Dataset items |
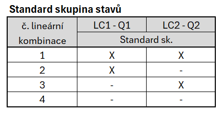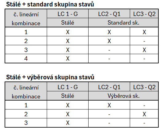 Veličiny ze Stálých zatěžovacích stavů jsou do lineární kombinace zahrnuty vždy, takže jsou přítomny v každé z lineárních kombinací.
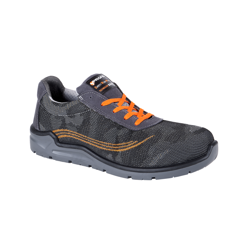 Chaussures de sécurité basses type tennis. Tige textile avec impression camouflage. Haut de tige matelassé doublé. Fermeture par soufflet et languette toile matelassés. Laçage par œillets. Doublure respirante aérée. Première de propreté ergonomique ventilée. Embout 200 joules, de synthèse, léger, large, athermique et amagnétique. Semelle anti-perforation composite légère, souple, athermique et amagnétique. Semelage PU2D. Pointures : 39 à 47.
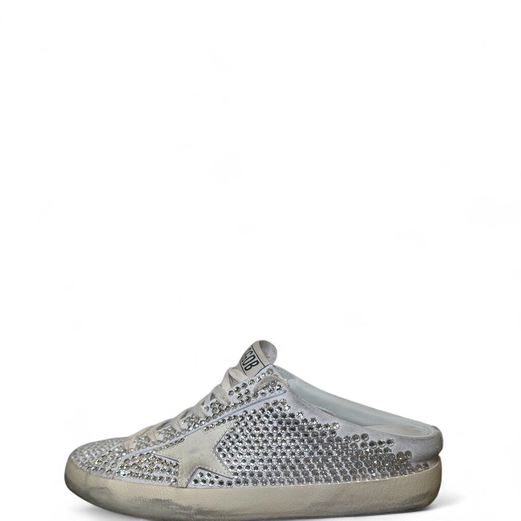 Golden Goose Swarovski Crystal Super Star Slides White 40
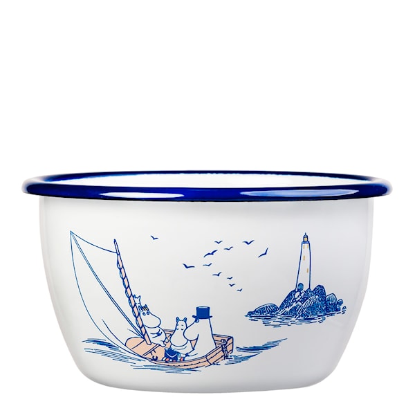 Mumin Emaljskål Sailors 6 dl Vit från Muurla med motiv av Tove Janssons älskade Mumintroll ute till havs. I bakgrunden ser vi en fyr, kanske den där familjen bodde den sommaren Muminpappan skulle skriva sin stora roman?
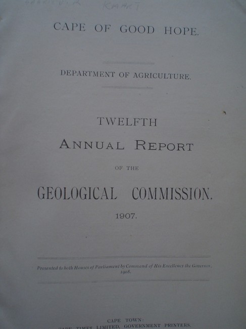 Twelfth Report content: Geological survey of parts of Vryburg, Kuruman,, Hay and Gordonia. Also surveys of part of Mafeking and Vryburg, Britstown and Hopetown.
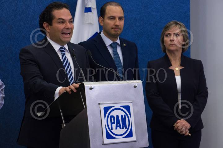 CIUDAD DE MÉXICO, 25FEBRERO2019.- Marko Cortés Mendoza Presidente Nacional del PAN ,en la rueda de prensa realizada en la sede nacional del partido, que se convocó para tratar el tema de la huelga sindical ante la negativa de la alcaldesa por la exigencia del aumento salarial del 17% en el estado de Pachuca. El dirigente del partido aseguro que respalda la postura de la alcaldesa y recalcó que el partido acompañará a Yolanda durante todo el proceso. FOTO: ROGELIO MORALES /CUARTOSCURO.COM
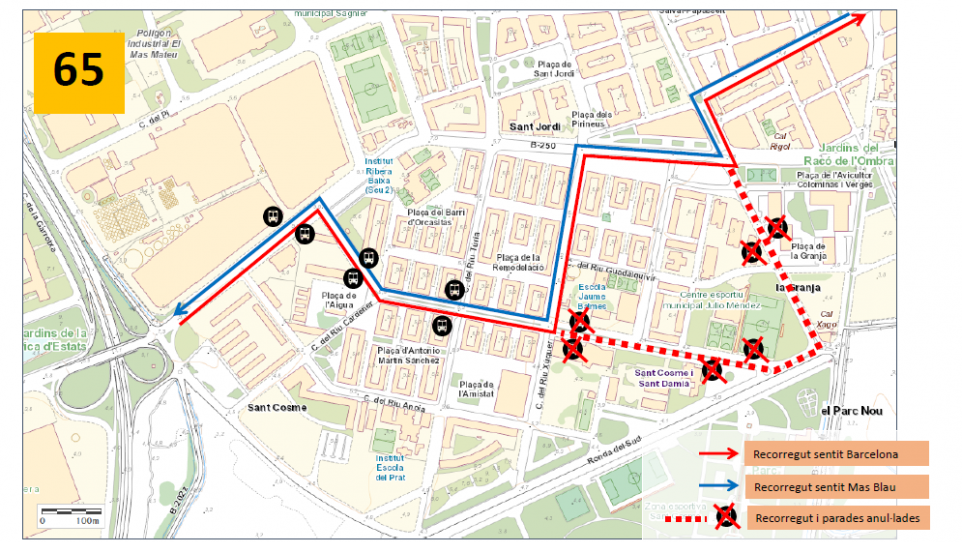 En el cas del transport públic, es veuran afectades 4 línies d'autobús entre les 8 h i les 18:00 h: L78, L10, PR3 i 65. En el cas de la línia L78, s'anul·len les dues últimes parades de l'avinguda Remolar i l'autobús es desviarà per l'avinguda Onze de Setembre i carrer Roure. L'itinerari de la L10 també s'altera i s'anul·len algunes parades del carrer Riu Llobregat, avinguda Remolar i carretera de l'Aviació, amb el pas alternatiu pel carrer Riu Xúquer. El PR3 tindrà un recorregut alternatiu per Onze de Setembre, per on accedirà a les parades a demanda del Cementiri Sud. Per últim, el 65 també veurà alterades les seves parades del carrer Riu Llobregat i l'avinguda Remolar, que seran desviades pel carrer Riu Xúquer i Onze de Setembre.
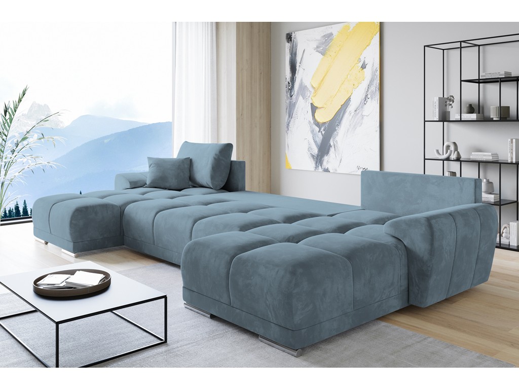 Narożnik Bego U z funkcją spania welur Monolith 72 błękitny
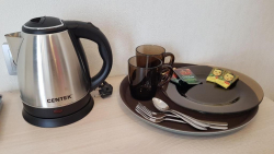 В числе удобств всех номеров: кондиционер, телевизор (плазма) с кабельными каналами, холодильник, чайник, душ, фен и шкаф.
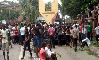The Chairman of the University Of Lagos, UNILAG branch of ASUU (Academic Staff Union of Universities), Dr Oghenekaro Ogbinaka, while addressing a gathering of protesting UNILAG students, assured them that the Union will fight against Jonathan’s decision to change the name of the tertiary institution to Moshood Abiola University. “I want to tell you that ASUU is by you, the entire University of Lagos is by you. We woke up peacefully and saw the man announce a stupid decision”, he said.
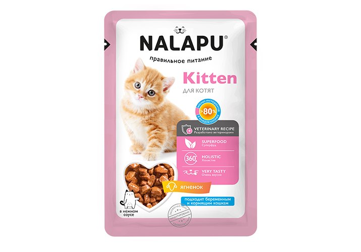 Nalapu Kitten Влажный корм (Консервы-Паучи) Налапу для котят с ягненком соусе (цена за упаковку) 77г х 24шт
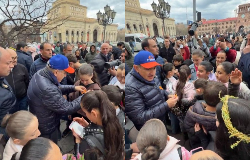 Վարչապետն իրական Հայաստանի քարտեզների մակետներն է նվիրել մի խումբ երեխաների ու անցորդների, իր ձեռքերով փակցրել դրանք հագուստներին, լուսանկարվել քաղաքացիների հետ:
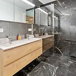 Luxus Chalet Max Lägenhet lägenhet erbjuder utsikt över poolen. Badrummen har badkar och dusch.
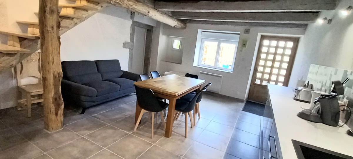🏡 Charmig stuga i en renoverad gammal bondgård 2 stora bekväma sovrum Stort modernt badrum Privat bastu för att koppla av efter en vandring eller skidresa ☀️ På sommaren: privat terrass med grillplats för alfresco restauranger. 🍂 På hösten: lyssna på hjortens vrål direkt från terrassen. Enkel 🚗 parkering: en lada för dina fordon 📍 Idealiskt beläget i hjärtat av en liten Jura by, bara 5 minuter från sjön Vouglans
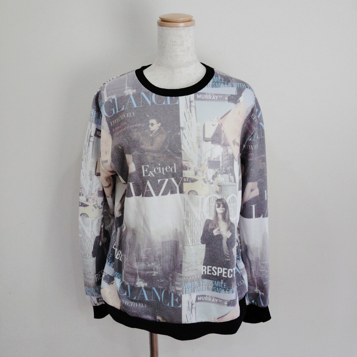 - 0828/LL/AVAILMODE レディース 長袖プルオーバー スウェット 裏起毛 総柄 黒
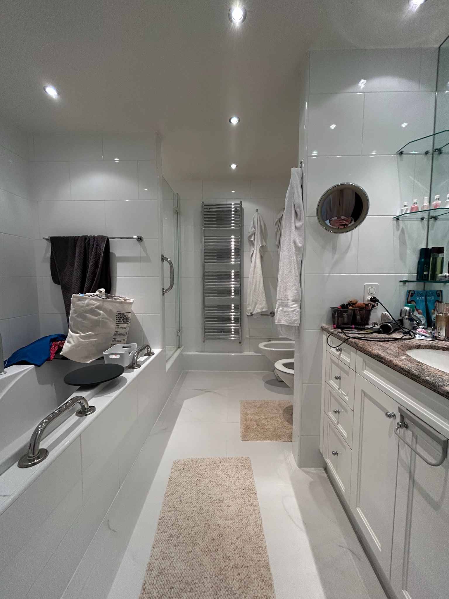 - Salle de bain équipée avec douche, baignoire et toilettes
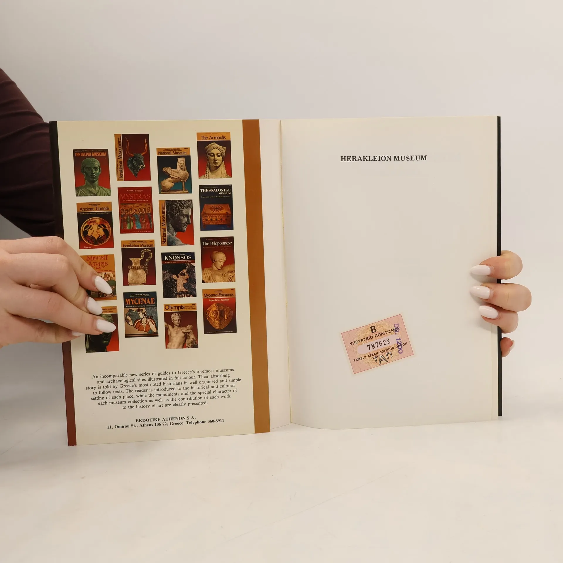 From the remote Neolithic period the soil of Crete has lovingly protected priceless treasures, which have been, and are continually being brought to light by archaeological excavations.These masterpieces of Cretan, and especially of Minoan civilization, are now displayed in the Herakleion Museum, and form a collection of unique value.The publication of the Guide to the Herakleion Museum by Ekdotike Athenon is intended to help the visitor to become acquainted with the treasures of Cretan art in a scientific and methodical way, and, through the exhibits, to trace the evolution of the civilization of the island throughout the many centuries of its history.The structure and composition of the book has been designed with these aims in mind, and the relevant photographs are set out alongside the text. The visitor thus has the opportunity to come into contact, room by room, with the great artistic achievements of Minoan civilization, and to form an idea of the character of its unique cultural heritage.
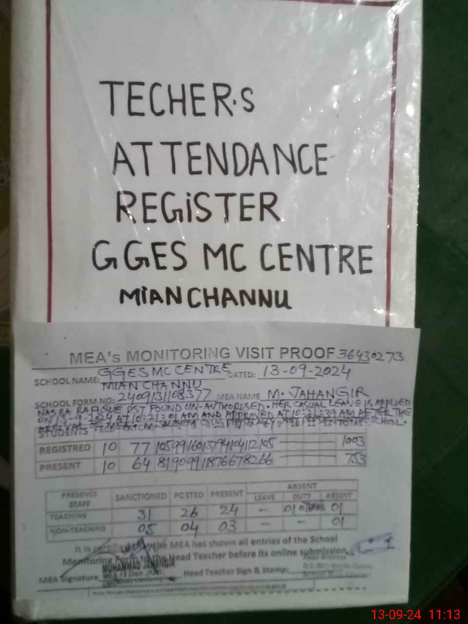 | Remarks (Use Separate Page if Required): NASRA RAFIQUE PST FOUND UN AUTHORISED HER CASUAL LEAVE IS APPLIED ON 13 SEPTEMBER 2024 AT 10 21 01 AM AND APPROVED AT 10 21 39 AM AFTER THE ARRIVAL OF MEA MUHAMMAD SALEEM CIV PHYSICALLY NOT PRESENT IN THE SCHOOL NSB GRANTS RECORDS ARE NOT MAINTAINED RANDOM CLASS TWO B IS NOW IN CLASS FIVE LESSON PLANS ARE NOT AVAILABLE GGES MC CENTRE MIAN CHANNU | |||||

Exercise goal |
Leave out the pictures and retype the rest of the entries exactly.

Task output |
 Veličiny ze Stálých zatěžovacích stavů jsou do lineární kombinace zahrnuty vždy, takže jsou přítomny v každé z lineárních kombinací.
 Chaussures de sécurité basses type tennis. Tige textile avec impression camouflage. Haut de tige matelassé doublé. Fermeture par soufflet et languette toile matelassés. Laçage par œillets. Doublure respirante aérée. Première de propreté ergonomique ventilée. Embout 200 joules, de synthèse, léger, large, athermique et amagnétique. Semelle anti-perforation composite légère, souple, athermique et amagnétique. Semelage PU2D. Pointures : 39 à 47.
 Golden Goose Swarovski Crystal Super Star Slides White 40
 Mumin Emaljskål Sailors 6 dl Vit från Muurla med motiv av Tove Janssons älskade Mumintroll ute till havs. I bakgrunden ser vi en fyr, kanske den där familjen bodde den sommaren Muminpappan skulle skriva sin stora roman?
 Twelfth Report content: Geological survey of parts of Vryburg, Kuruman,, Hay and Gordonia. Also surveys of part of Mafeking and Vryburg, Britstown and Hopetown.
 CIUDAD DE MÉXICO, 25FEBRERO2019.- Marko Cortés Mendoza Presidente Nacional del PAN ,en la rueda de prensa realizada en la sede nacional del partido, que se convocó para tratar el tema de la huelga sindical ante la negativa de la alcaldesa por la exigencia del aumento salarial del 17% en el estado de Pachuca. El dirigente del partido aseguro que respalda la postura de la alcaldesa y recalcó que el partido acompañará a Yolanda durante todo el proceso. FOTO: ROGELIO MORALES /CUARTOSCURO.COM
 En el cas del transport públic, es veuran afectades 4 línies d'autobús entre les 8 h i les 18:00 h: L78, L10, PR3 i 65. En el cas de la línia L78, s'anul·len les dues últimes parades de l'avinguda Remolar i l'autobús es desviarà per l'avinguda Onze de Setembre i carrer Roure. L'itinerari de la L10 també s'altera i s'anul·len algunes parades del carrer Riu Llobregat, avinguda Remolar i carretera de l'Aviació, amb el pas alternatiu pel carrer Riu Xúquer. El PR3 tindrà un recorregut alternatiu per Onze de Setembre, per on accedirà a les parades a demanda del Cementiri Sud. Per últim, el 65 també veurà alterades les seves parades del carrer Riu Llobregat i l'avinguda Remolar, que seran desviades pel carrer Riu Xúquer i Onze de Setembre.
 Narożnik Bego U z funkcją spania welur Monolith 72 błękitny
 В числе удобств всех номеров: кондиционер, телевизор (плазма) с кабельными каналами, холодильник, чайник, душ, фен и шкаф.
The Chairman of the University Of Lagos, UNILAG branch of ASUU (Academic Staff Union of Universities), Dr Oghenekaro Ogbinaka, while addressing a gathering of protesting UNILAG students, assured them that the Union will fight against Jonathan’s decision to change the name of the tertiary institution to Moshood Abiola University. “I want to tell you that ASUU is by you, the entire University of Lagos is by you. We woke up peacefully and saw the man announce a stupid decision”, he said.
 Nalapu Kitten Влажный корм (Консервы-Паучи) Налапу для котят с ягненком соусе (цена за упаковку) 77г х 24шт
 Վարչապետն իրական Հայաստանի քարտեզների մակետներն է նվիրել մի խումբ երեխաների ու անցորդների, իր ձեռքերով փակցրել դրանք հագուստներին, լուսանկարվել քաղաքացիների հետ:
 Luxus Chalet Max Lägenhet lägenhet erbjuder utsikt över poolen. Badrummen har badkar och dusch.
🏡 Charmig stuga i en renoverad gammal bondgård 2 stora bekväma sovrum Stort modernt badrum Privat bastu för att koppla av efter en vandring eller skidresa ☀️ På sommaren: privat terrass med grillplats för alfresco restauranger. 🍂 På hösten: lyssna på hjortens vrål direkt från terrassen. Enkel 🚗 parkering: en lada för dina fordon 📍 Idealiskt beläget i hjärtat av en liten Jura by, bara 5 minuter från sjön Vouglans
 - 0828/LL/AVAILMODE レディース 長袖プルオーバー スウェット 裏起毛 総柄 黒
 - Salle de bain équipée avec douche, baignoire et toilettes
 From the remote Neolithic period the soil of Crete has lovingly protected priceless treasures, which have been, and are continually being brought to light by archaeological excavations.These masterpieces of Cretan, and especially of Minoan civilization, are now displayed in the Herakleion Museum, and form a collection of unique value.The publication of the Guide to the Herakleion Museum by Ekdotike Athenon is intended to help the visitor to become acquainted with the treasures of Cretan art in a scientific and methodical way, and, through the exhibits, to trace the evolution of the civilization of the island throughout the many centuries of its history.The structure and composition of the book has been designed with these aims in mind, and the relevant photographs are set out alongside the text. The visitor thus has the opportunity to come into contact, room by room, with the great artistic achievements of Minoan civilization, and to form an idea of the character of its unique cultural heritage.
 | Remarks (Use Separate Page if Required): NASRA RAFIQUE PST FOUND UN AUTHORISED HER CASUAL LEAVE IS APPLIED ON 13 SEPTEMBER 2024 AT 10 21 01 AM AND APPROVED AT 10 21 39 AM AFTER THE ARRIVAL OF MEA MUHAMMAD SALEEM CIV PHYSICALLY NOT PRESENT IN THE SCHOOL NSB GRANTS RECORDS ARE NOT MAINTAINED RANDOM CLASS TWO B IS NOW IN CLASS FIVE LESSON PLANS ARE NOT AVAILABLE GGES MC CENTRE MIAN CHANNU | |||||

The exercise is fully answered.